Gear Review: Garmin Forerunner 910XT

Brand: Garmin

Model: Forerunner 910XT

My first tool I used to track my running was the Adidas miCoach app on my iPhone. While I really liked the customizable training plans and ease-of-use the application offered, having a smartphone attached to my arm during runs wasn’t really my idea of a good time. After deciding that I wanted a GPS-enabled watch for running, I settled on the Garmin Forefunner 405CX about 1 1/2 years ago with mixed results. With a new project Ryan and I are working on in regards to trail running (more on this later, I promise), I made the decision that I needed something more accurate than the haphazard elevation charts that watches relying solely on GPS based elevation provided. Longer battery life was something I was looking forward to as well, as I have a bad habit of not always charging my watches when I should.

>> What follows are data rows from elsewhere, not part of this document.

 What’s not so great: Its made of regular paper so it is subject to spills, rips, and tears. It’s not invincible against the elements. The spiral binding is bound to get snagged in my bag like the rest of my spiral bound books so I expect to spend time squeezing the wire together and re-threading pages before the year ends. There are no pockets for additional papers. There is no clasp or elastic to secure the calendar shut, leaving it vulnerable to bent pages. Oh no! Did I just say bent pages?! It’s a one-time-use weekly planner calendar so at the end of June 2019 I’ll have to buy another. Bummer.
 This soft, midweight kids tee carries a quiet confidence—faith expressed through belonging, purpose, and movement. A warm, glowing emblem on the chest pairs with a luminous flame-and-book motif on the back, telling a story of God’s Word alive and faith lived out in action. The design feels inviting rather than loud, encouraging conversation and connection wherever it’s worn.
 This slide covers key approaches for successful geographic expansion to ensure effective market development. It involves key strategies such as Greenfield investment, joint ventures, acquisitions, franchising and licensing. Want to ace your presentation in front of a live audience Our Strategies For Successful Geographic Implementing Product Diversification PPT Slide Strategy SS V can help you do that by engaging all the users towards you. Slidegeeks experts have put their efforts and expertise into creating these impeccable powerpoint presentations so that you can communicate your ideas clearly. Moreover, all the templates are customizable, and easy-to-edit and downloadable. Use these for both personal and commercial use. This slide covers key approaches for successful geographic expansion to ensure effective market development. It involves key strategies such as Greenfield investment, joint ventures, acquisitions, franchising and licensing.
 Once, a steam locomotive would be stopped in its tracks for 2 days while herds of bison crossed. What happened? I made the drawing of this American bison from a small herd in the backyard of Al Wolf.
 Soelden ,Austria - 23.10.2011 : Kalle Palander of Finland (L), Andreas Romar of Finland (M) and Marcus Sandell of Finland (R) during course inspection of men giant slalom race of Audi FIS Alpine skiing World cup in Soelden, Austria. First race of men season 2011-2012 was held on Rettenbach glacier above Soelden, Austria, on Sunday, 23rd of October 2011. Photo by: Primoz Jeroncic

After some research, I decided on the Garmin Forerunner 910XT, a recently released watch marketed towards triathletes and ultramarathoners. While I could care less about every competing in a triathlon, the advertised 20-hour battery life piqued my interest due to my aforementioned habit of not charging my watches, but also because I plan on becoming an ultramarathoner in the not-too-distant future. There was also the added bonus of the watch being waterproof (for tracking the swimming legs of a triathlon), meaning I could wear the watch during Tough Mudder, giving me the ability to track the distance and elevation change of the courses we run. Oh, and did I mention it uses a built-in barometric altimeter to track elevation during the run?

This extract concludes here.